Hello Community,
I hate generic questions, but I’m starting to get the crisis here. My Home Assistant installation is now dying in under 24 hours, with random error messages about components or IO errors.
I have already reinstalled HassIO several times and restored snapshots. I had a Pi, changed the power supply there, I connected the Pi directly to the router instead of via D-LAN, I deactivated all custom componentens… Now I bought a completely new NUC out of desperation and because I suspected a bit the SD card. Yesterday evening snapshot restored, ran through the night, this morning again hundreds of errors in the log, now dead.
Sometimes it’s the Yeelight lamps, sometimes my Bluetooth thermostat, sometimes MQTT, sometimes Wemo, sometimes the network is allegedly gone, sometimes the filesystem read-only…
Here are some excerpts from my log, sometimes I can’t even save it before I can’t get to it anymore: https://pastebin.com/WFVQjKmm
I’m slowly going crazy here! Does anyone have any idea what is going so wrong here?

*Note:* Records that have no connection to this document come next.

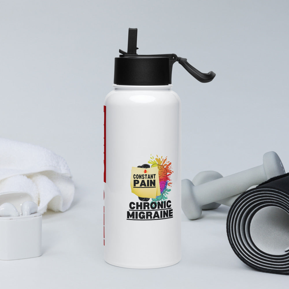 ILLTOCHILL Chronic Migraine Constant Pain migraine support gift Stainless steel water bottle with a straw lid.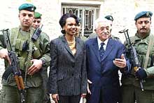 The top US diplomat also said the US would offer the Palestinian National Authority (PNA) US$40 million within the coming three months to create job opportunities and rebuild the Palestinian economy left languid by more than four years of bloodshed.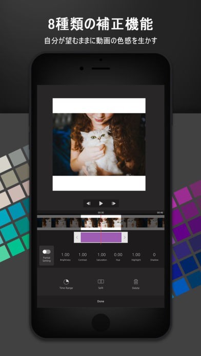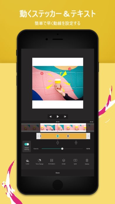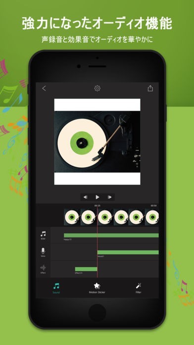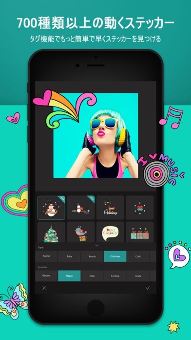自分の撮った動画にさらに可愛く面白い効果をつけて、自分だけの素敵な動画に仕上げるのを手伝ってくれるアプリです。50~100フレーム内臓の可愛くスタイリシュなスタンプは変色も可能、タイムラインに合わせてまるでGIF動画のように動きます。このモーションスタンプ機能は、回転や拡大、縮小操作はもちろん、希望した位置に移動させることも出来ます。拡大しても鮮明な表示がされることも人気の秘密です。字幕やスタンプの登場やフェイドアウトの時間も調節できて便利です。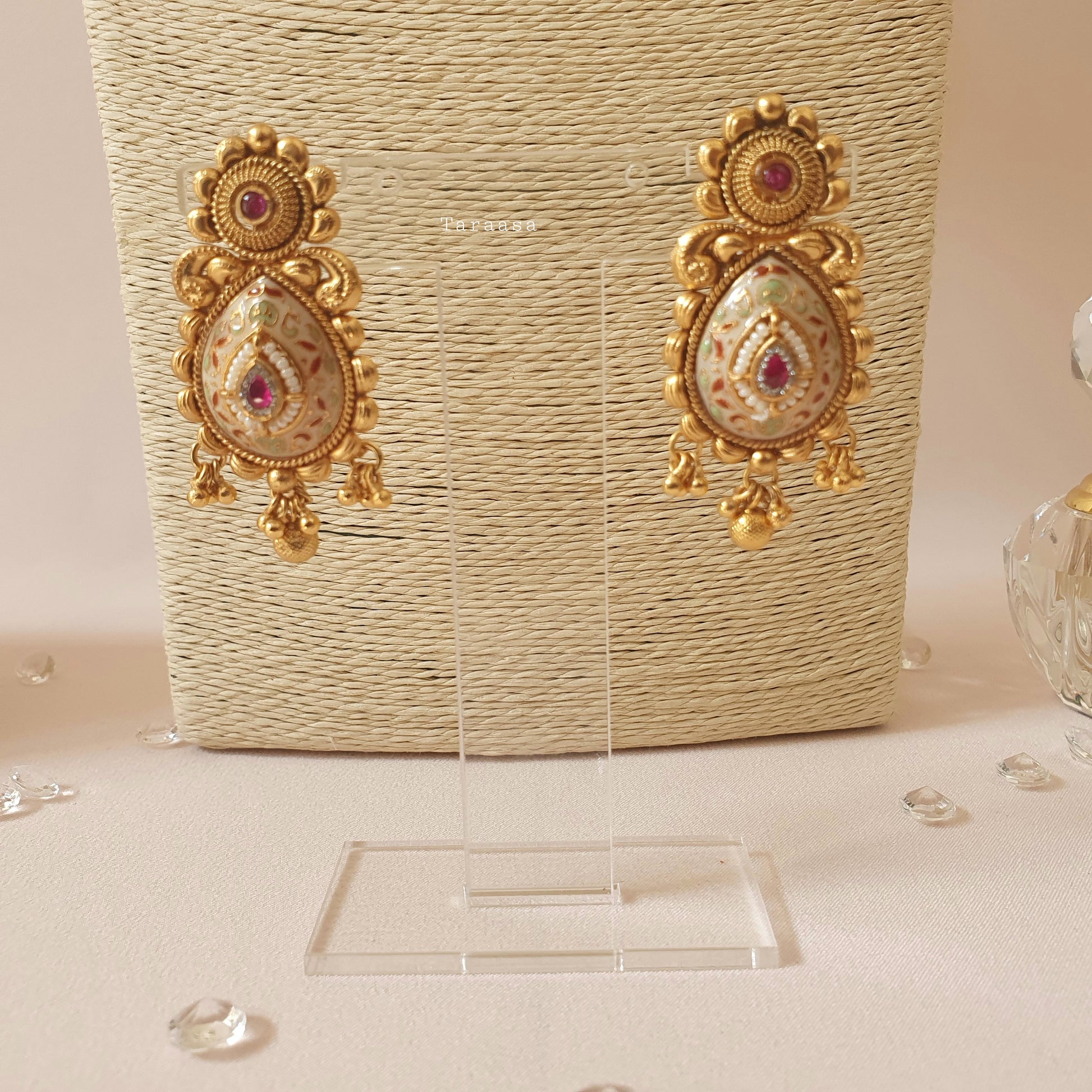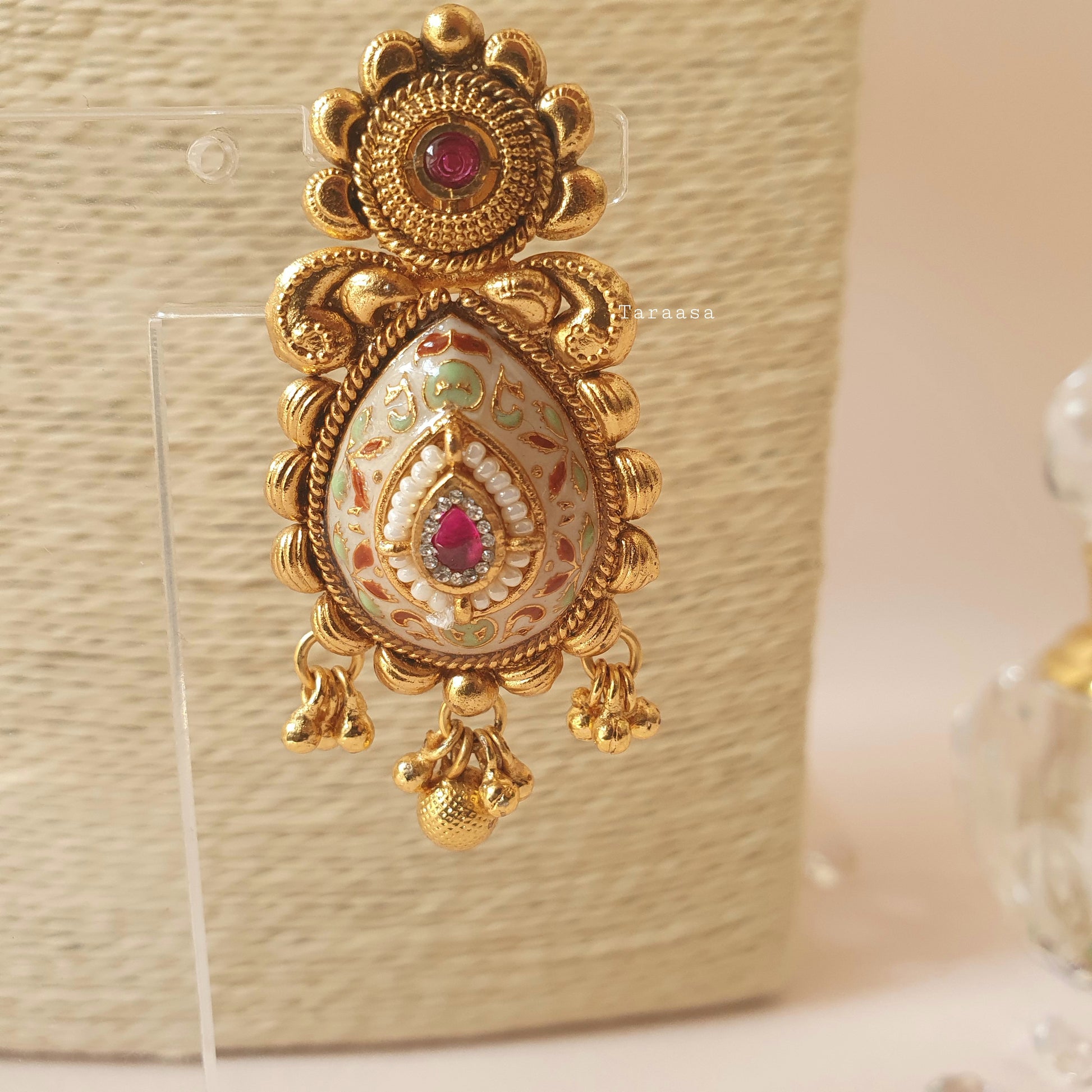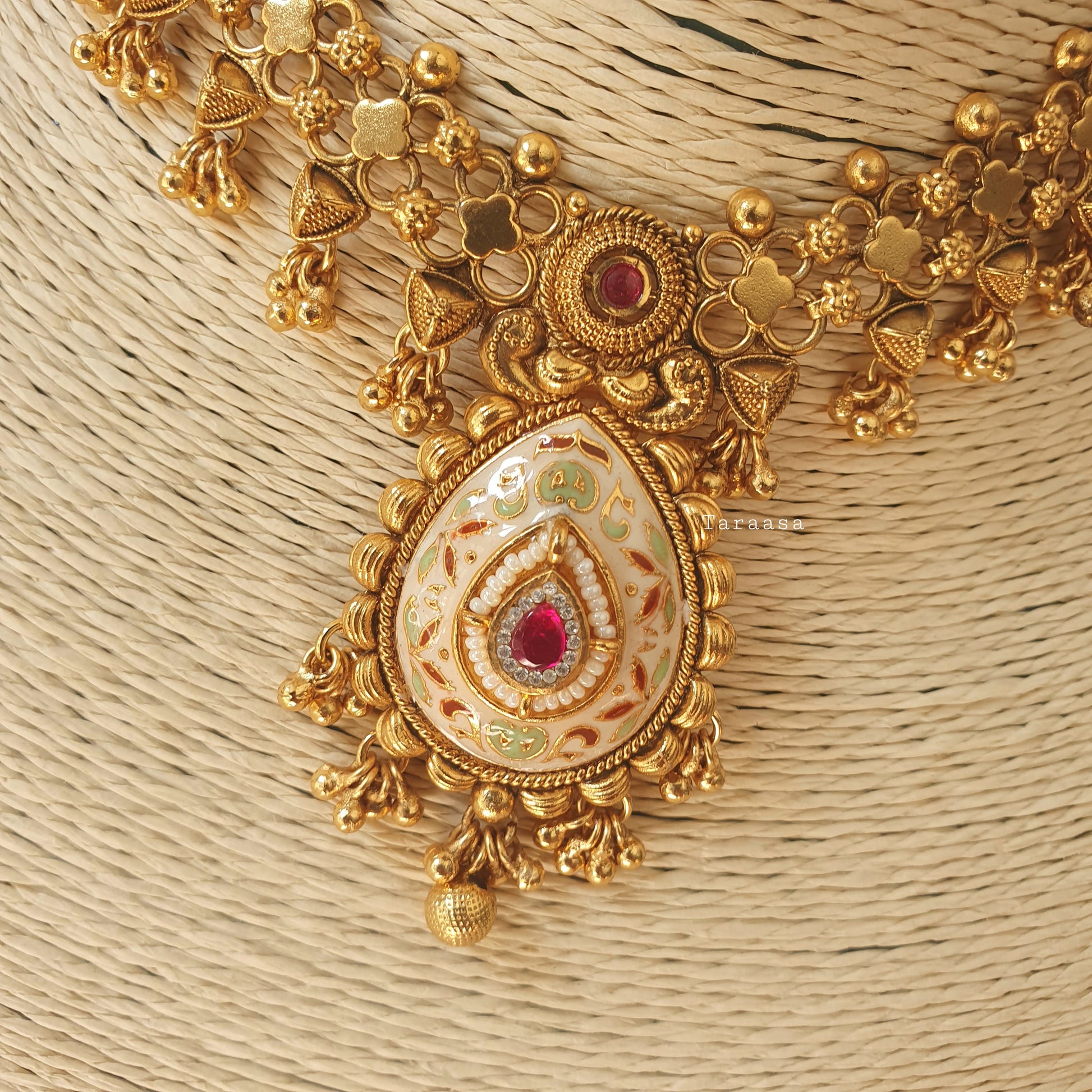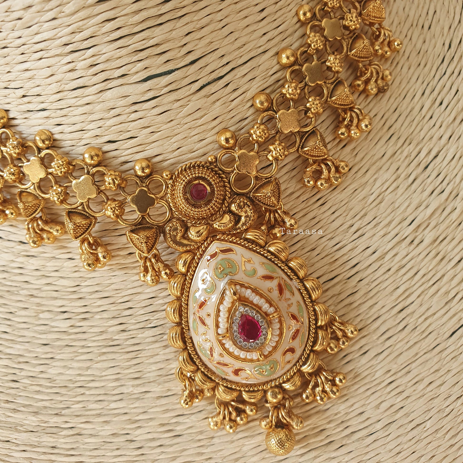 Timeless elegance, woven in gold. A regal South Indian choker from our Heritage Collection — intricately handcrafted with antique gold tones, hand painted pastel meenakari, and vibrant ruby accents. Perfect for the modern woman who cherishes tradition. Paired with the ornate meenakari statement earrings.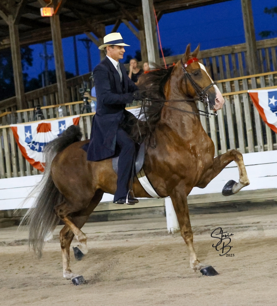 CONSIGNOR'S STATEMENT: Harrington Mill is going to be standout in the amateur or juvenile classes next year. His sire, the late multiple WGC sire Undulata's Nutcracker, needs no introduction as his pedigree and record speaks for itself. Harrington Mill's bottom side includes bloodlines such as WGC sire RWC I'm Lookin For You, WGC sire WCC CHCaramac and WGC sire WGC CHWill Shriver. It is no wonder this horse has the presence and ability everyone is looking for in a show horse! With wins and reserves in 2025 at Shelby County Fair and Shelby County Summer Classic, he is ready to continue his winning ways with a new rider in 2026.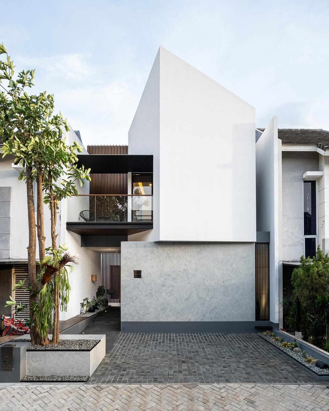 Model rumah minimalis 2 lantai hasil rancangan Kara Architecture ini memiliki tampilan fasad yang unik dengan bentuk geometris yang tegas. Fasad hunian ini didominasi oleh warna putih yang dipadukan dengan warna abu-abu dan aksen hitam, menciptakan tampilan minimalis modern yang clean dan elegan.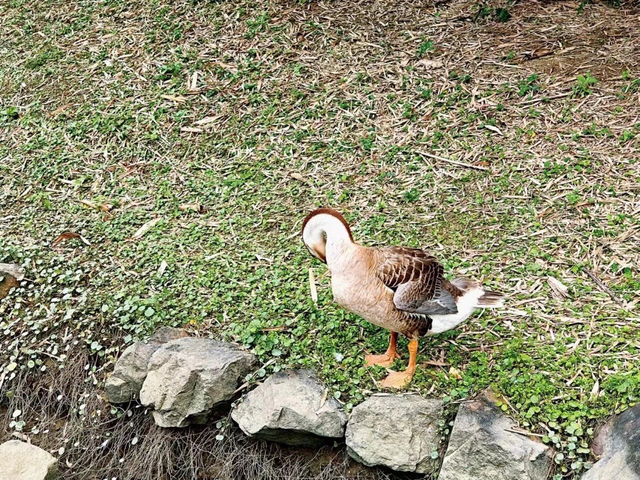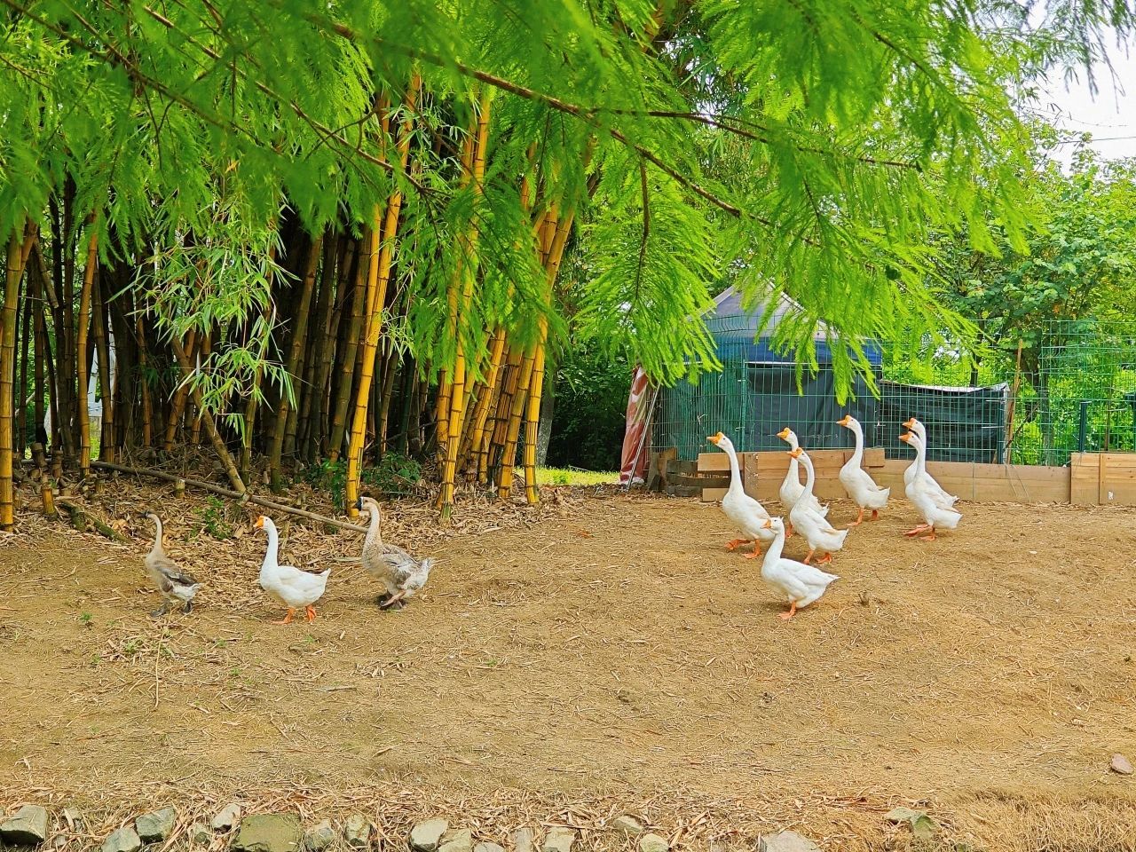 白鹅在水边与对岸的翠绿伫立相望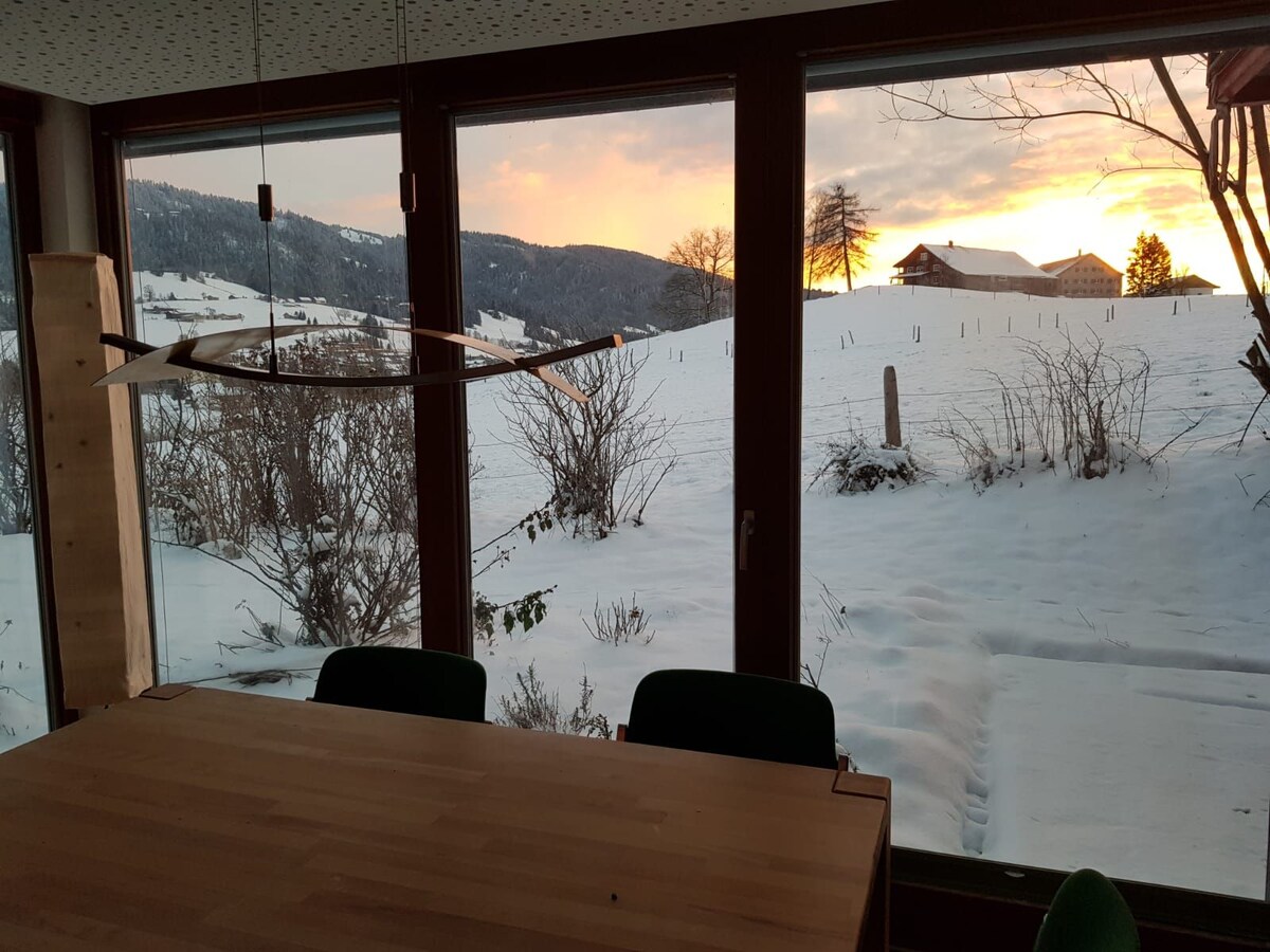 Sealla adhmaid nua - aimseartha le radharc iontach ar an ngleann ar fad agus isteach sna hAlpa iontach austrian. 3 urlár le charme supercomfy, atá suite os cionn Schwarzenberg agus tiomáint 5 nóiméad chuig an ionad sciála Bödele. Tá an teach suite thart ar 15 / 20 nóiméad i gcarr ó chuid de na hionaid sciála is fearr sna ceantair mar Mellau/Damüls, thart ar 35 / 40 nóiméad go dtí an ceann scríbe sciála is fearr agus is mó san Ostair, an Arlberg, atá ceangailte trí Schröcken/Warth trí nasc díreach le carr cábla.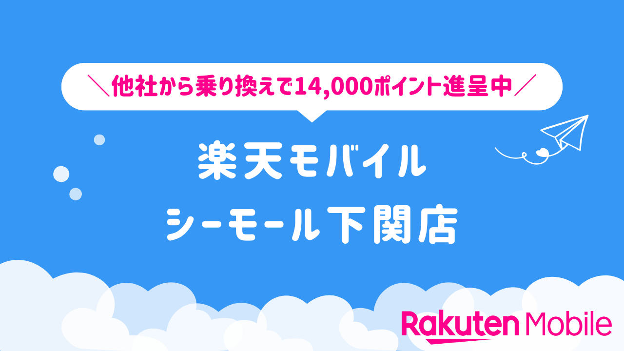 楽天モバイル シーモール下関店の店舗情報をわかりやすく整理しています。他社から乗り換えで14,000ポイントをゲットできるキャンペーンや、店舗限定で利用できる特典などの情報も合わせてご紹介いたします。
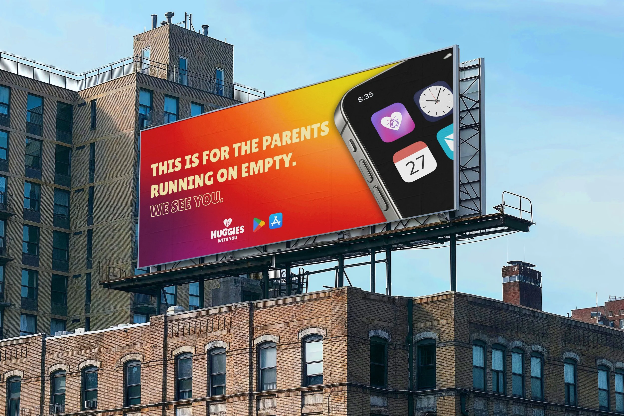 Huggies With You is a campaign concept promoting a companion app designed to support parents through the emotional realities of early parenthood. Through thoughtful messaging, approachable visuals, and emotionally driven campaign materials, the project focuses on creating a comforting and supportive brand experience across digital and environmental touchpoints.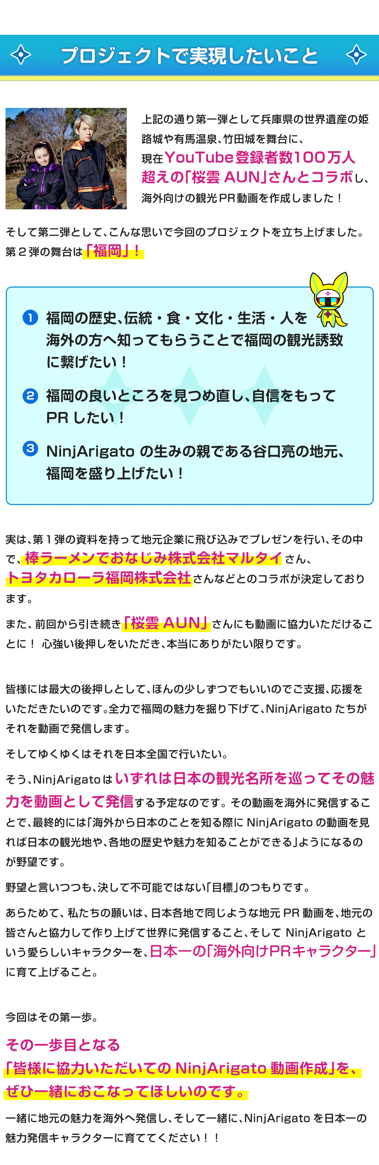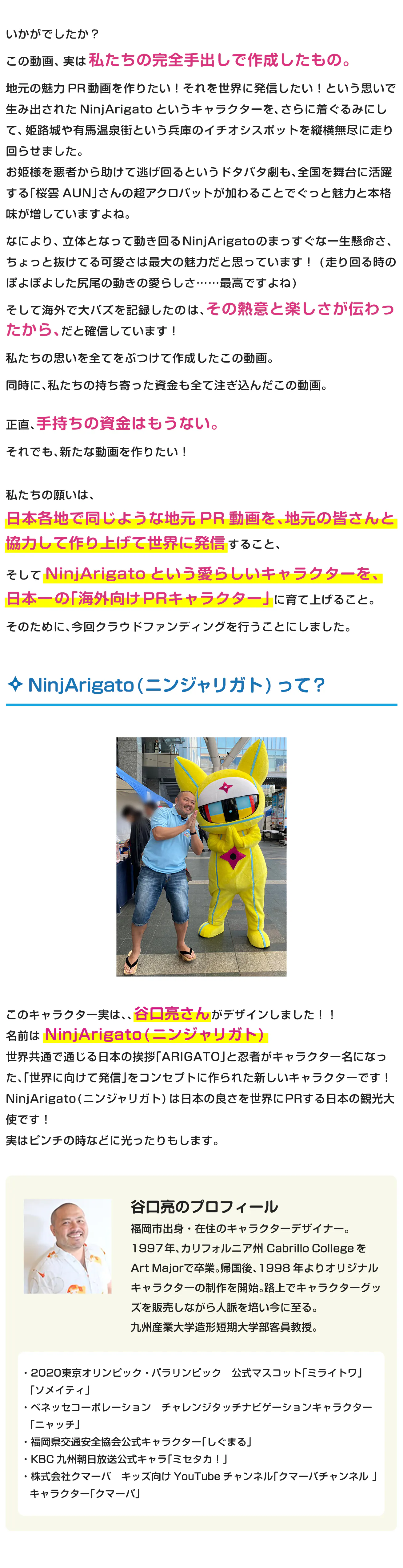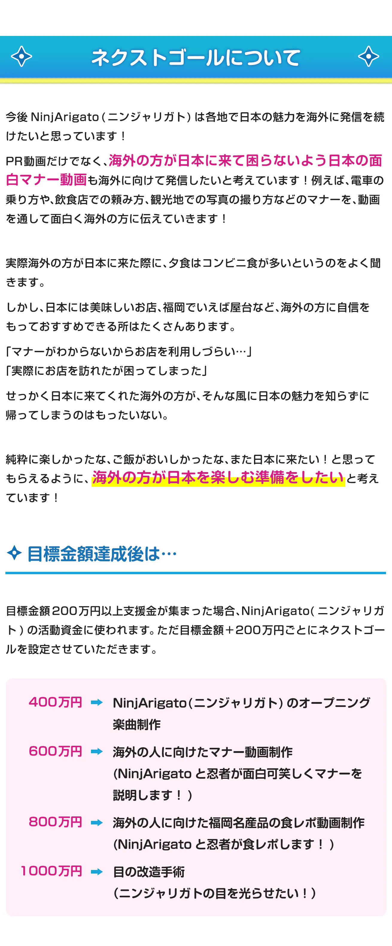 いずれ「NinjArigato(ニンジャリガト)を応援してよかった」と皆さまが誇れるようなキャラクターを目指していきますので、

This is a long shot but if you happen to have the Duckdns hass.io add-on enabled, you should turn that off. I once had really strange issues I couldn’t diagnose. It sounds similar to your issue, where random components would start failing slowly, basically couldn’t make a network connection. I turned off the add-on and haven’t had the issue for nearly a month now.
SSH already dead, can’t restart the addon, System log empty, can still use the GUI to interact with my devices, more more error messages are coming: https://pastebin.com/A0ykyvmF
You didn’t mention what version of HA you were running on or what hardware it was running on. I’ve noticed a bit of instability in 0.91.2 but I see today 0.91.3 is now available. Might be worth updating.
If using an SD card it may be going bad. As mentioned above try deleting the DB and the HA log files too.
I flashed the image on my ssd with etcher. Could this be a problem? That the filesystem got not resized or something? Or should the sensor display the not-resized size then?
That would explain the short time where it runs fine
Honestly you’d need to check the kernel logs for what’s going on fully, and to do that you’ll need SSH access to the main OS or mount the disk in another instance of linux somewhere.